COLLECTED MATERIAL section start

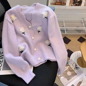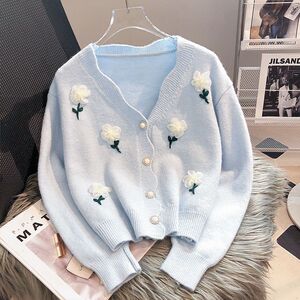 针织开衫毛衣外套女装春装春秋外穿新款爆款欧货宽松v领上衣
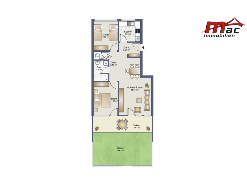 Die für alle Altersgruppen geeignete Gartenwohnung besticht durch die gut durchdachte Grundrissgestaltung mit optimaler Gestaltungsmöglichkeit.
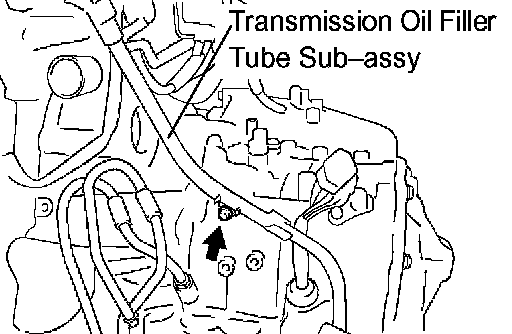 c. Remove the bolt and transmission oil filler tube sub-assembly.

COLLECTED MATERIAL section end

Give back the data exactly. Pictures stay out.

 针织开衫毛衣外套女装春装春秋外穿新款爆款欧货宽松v领上衣
 Die für alle Altersgruppen geeignete Gartenwohnung besticht durch die gut durchdachte Grundrissgestaltung mit optimaler Gestaltungsmöglichkeit.
 c. Remove the bolt and transmission oil filler tube sub-assembly.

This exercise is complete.